Entries taken from a collection:
______________________________
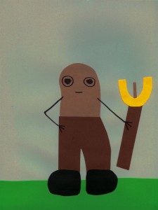 Wearing brown pants made of burlap and twine
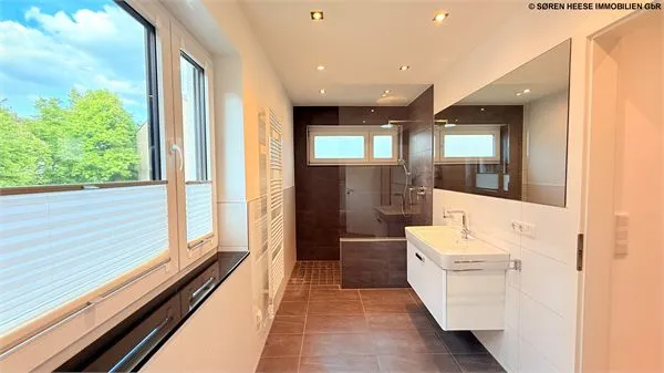 Außergewöhnlich bei Stadthäusern ist bereits die Hausbreite von fast 6 Metern, welche eine gelungene Basis für das großzügige Raumkonzept mit entsprechend guter Belichtung darstellt. Überhaupt bietet das Haus eine selten erreichte Lebensqualität: neben der transparenten Grundrisslösung im Wohn-/Essbereich mit breiten Fensterfronten besticht jeder Raum mit eindrucksvoller Großzügigkeit. Gleich zwei Designerbäder, beide mit Tageslicht überzeugen hier ebenso wie das elegante Interieur des Hauses.
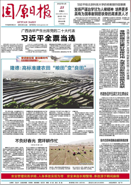 《固原日報(bào)》是固原唯一一份全國公開發(fā)行的報(bào)紙,國內(nèi)統(tǒng)一刊號:CN64-0007 ,國內(nèi)郵發(fā)代號:73-7 ,報(bào)社地址:中國寧夏固原中心路49號 發(fā)行方式:自辦發(fā)行。
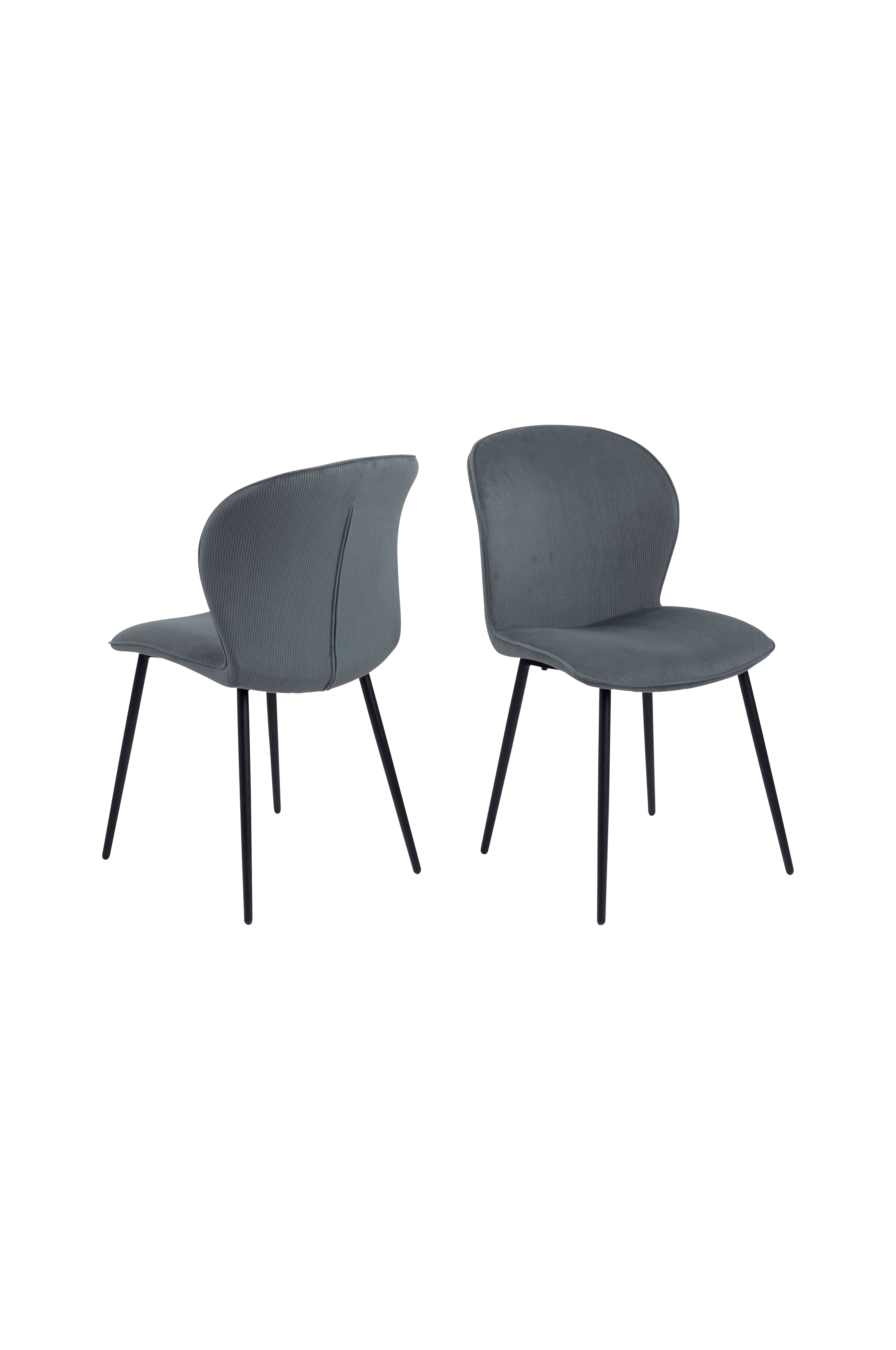 Spisebordsstol Evy leveres i 2-pak. Sæde betrukket med 100% polyesterstof, fløjl. Ben af pulverlakeret metal. Højde 82 cm, dybde 58.5 cm, bredde 43 cm. Siddehøjde 46,5 cm. Leveres usamlet.
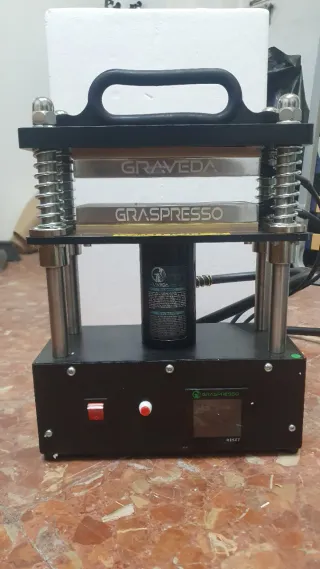 Graveda Graspresso Prensa de 10 toneladas Graspesso con cilindro hidráulico. - Diseño robusto y compacto. - Panel de control digital con ajustes.. - Base estable con patas de goma. Nueva, nunca usado Ahora solo está guardada acumulando polvo. Funciona perfectamente. Se puede probar antes de comprar.
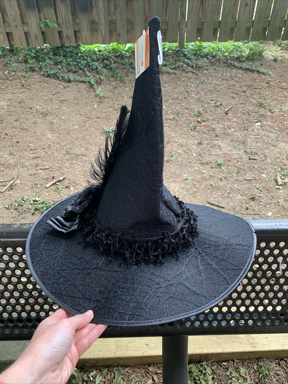 • Celebrate It Halloween Witch Hat Black Shimmer W/ Feather Sequin Roses In Bow
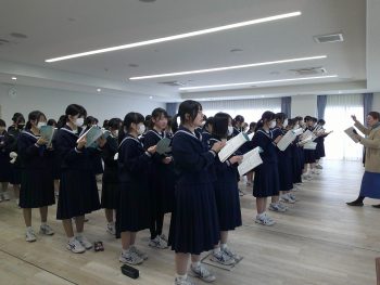 1年生と2年生で、男女のパートに分かれ、卒業式に向けての合唱練習を行いました。
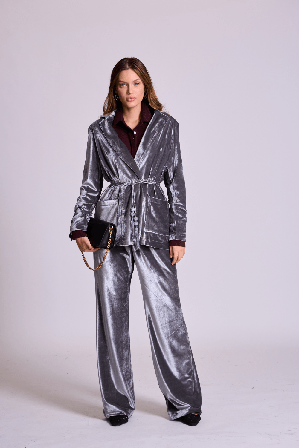 A calça em veludo metalizado prata combina sofisticação e modernidade em uma peça marcante e elegante. O tecido com brilho sutil traz textura e personalidade ao visual, criando um look contemporâneo e cheio de estilo.
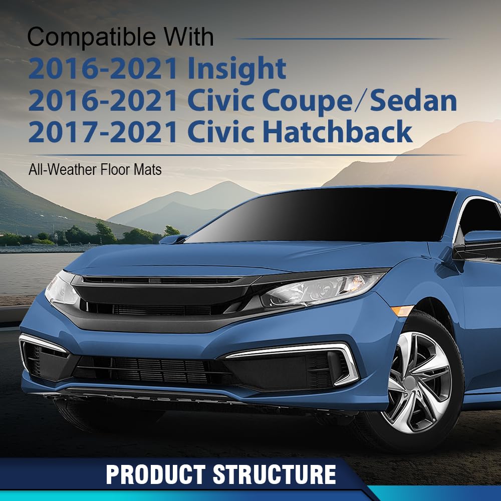 Pit66 Floor Mats Compatible With Honda Civic Coupe Sedan 4-Door 2016-2021, Fit Civic Hatchback 2017-2021, Fit Honda Insight 2016
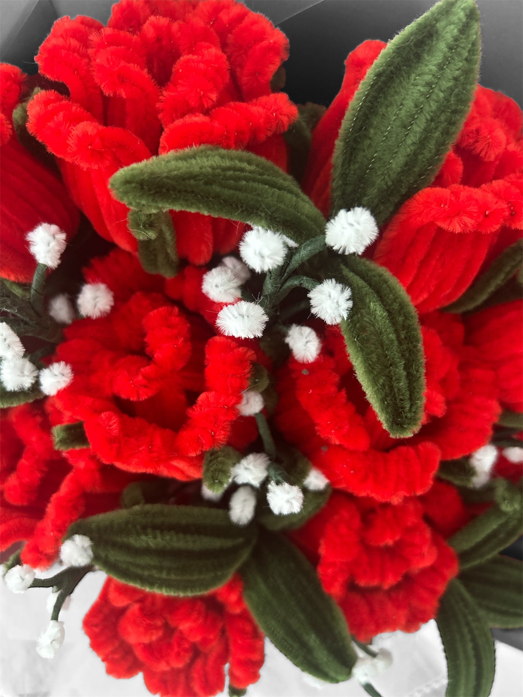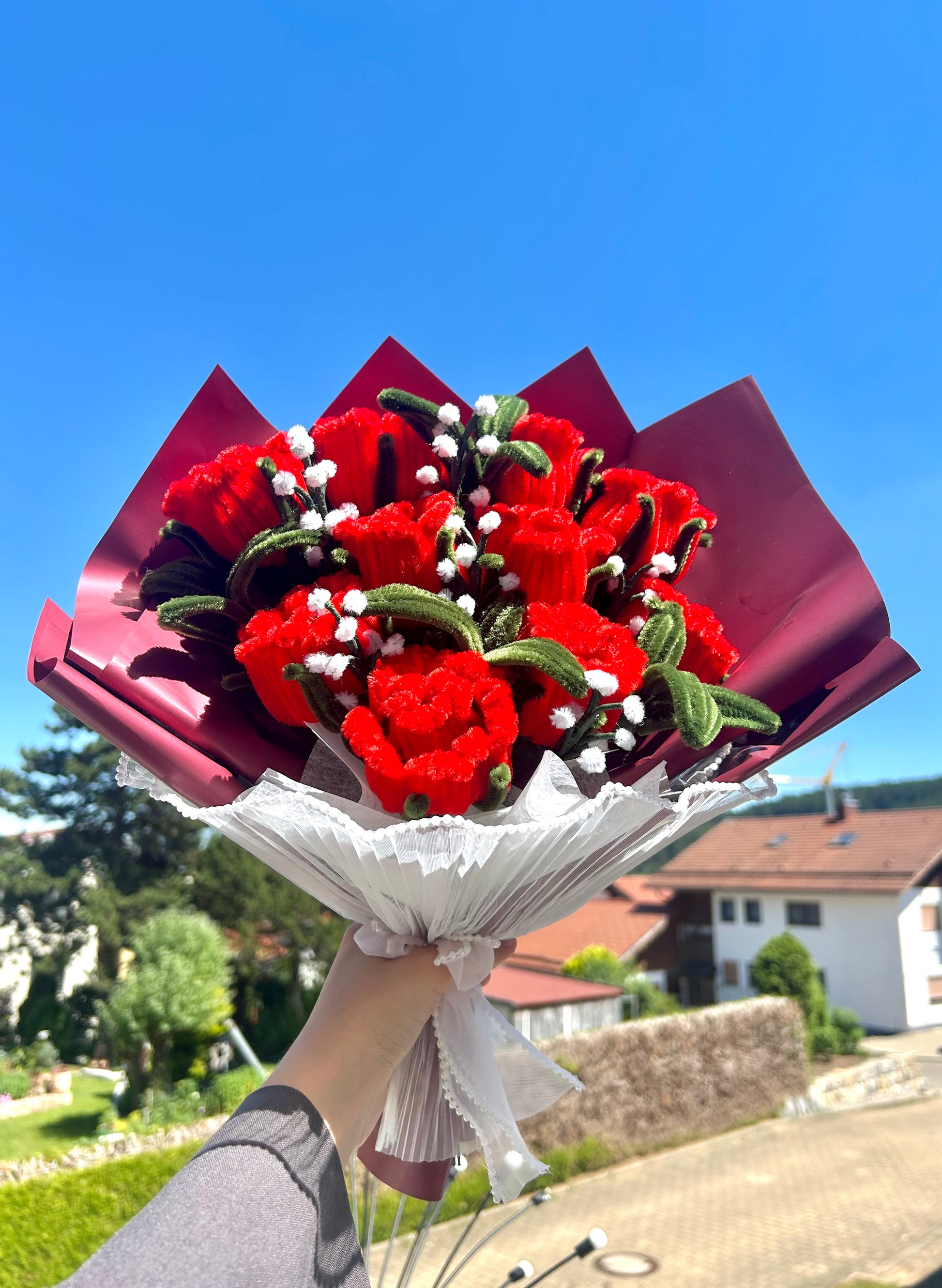 Dies ist ein handgefertigtes Blumenstrauß aus Pipe Cleanern mit dem Titel "Red Bloom".
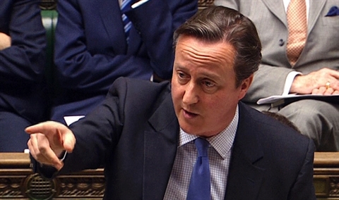 | Le Premier ministre britannique David Cameron au parlement, le 2 décembre. |
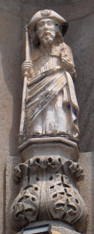 Imagem de exterior sem policromia em pedra ançã, que representa figura masculina de vulto, em pé com vestes compridas e chapéu com concha na parte frontal a ornamentar. Surge com manto entrelaçado no corpo e tem livro fechado na mão esquerda e espécie de cajado na mão direita.
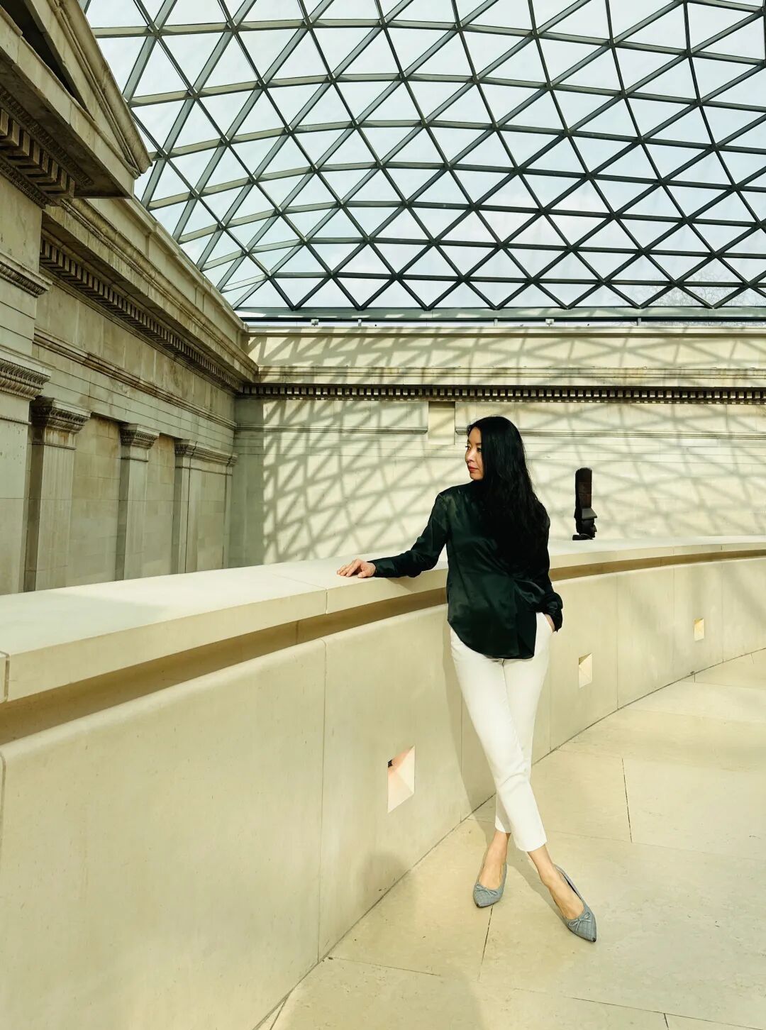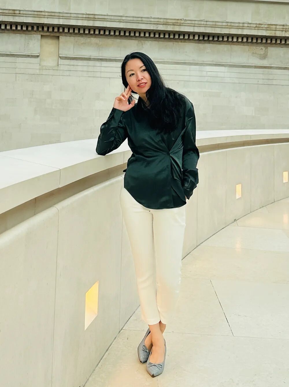 安潇实拍既有干练气质也有松弛感,搭配深色真丝衬衫,精致优雅,气场全开。
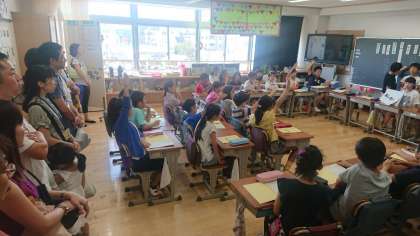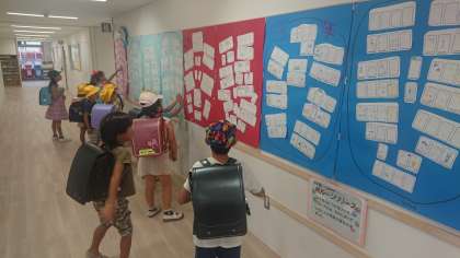 今日から学校公開が始まりました。来週水曜日までです。入口のところには、水曜日のバルーンリリースに向けて子どもたちが書いたメッセージのコピーが掲示されています。委員の皆さんの渾身の作品です。ありがとうございます。
______________________________
Assignment: All the lines above must be written out exactly, without a single picture.

The answer:
 Wearing brown pants made of burlap and twine
 Außergewöhnlich bei Stadthäusern ist bereits die Hausbreite von fast 6 Metern, welche eine gelungene Basis für das großzügige Raumkonzept mit entsprechend guter Belichtung darstellt. Überhaupt bietet das Haus eine selten erreichte Lebensqualität: neben der transparenten Grundrisslösung im Wohn-/Essbereich mit breiten Fensterfronten besticht jeder Raum mit eindrucksvoller Großzügigkeit. Gleich zwei Designerbäder, beide mit Tageslicht überzeugen hier ebenso wie das elegante Interieur des Hauses.
 《固原日報(bào)》是固原唯一一份全國公開發(fā)行的報(bào)紙,國內(nèi)統(tǒng)一刊號:CN64-0007 ,國內(nèi)郵發(fā)代號:73-7 ,報(bào)社地址:中國寧夏固原中心路49號 發(fā)行方式:自辦發(fā)行。
 Spisebordsstol Evy leveres i 2-pak. Sæde betrukket med 100% polyesterstof, fløjl. Ben af pulverlakeret metal. Højde 82 cm, dybde 58.5 cm, bredde 43 cm. Siddehøjde 46,5 cm. Leveres usamlet.
 Graveda Graspresso Prensa de 10 toneladas Graspesso con cilindro hidráulico. - Diseño robusto y compacto. - Panel de control digital con ajustes.. - Base estable con patas de goma. Nueva, nunca usado Ahora solo está guardada acumulando polvo. Funciona perfectamente. Se puede probar antes de comprar.
 • Celebrate It Halloween Witch Hat Black Shimmer W/ Feather Sequin Roses In Bow
 1年生と2年生で、男女のパートに分かれ、卒業式に向けての合唱練習を行いました。
 A calça em veludo metalizado prata combina sofisticação e modernidade em uma peça marcante e elegante. O tecido com brilho sutil traz textura e personalidade ao visual, criando um look contemporâneo e cheio de estilo.
 Pit66 Floor Mats Compatible With Honda Civic Coupe Sedan 4-Door 2016-2021, Fit Civic Hatchback 2017-2021, Fit Honda Insight 2016
 Dies ist ein handgefertigtes Blumenstrauß aus Pipe Cleanern mit dem Titel "Red Bloom".
 | Le Premier ministre britannique David Cameron au parlement, le 2 décembre. |
 Imagem de exterior sem policromia em pedra ançã, que representa figura masculina de vulto, em pé com vestes compridas e chapéu com concha na parte frontal a ornamentar. Surge com manto entrelaçado no corpo e tem livro fechado na mão esquerda e espécie de cajado na mão direita.
 安潇实拍既有干练气质也有松弛感,搭配深色真丝衬衫,精致优雅,气场全开。
 今日から学校公開が始まりました。来週水曜日までです。入口のところには、水曜日のバルーンリリースに向けて子どもたちが書いたメッセージのコピーが掲示されています。委員の皆さんの渾身の作品です。ありがとうございます。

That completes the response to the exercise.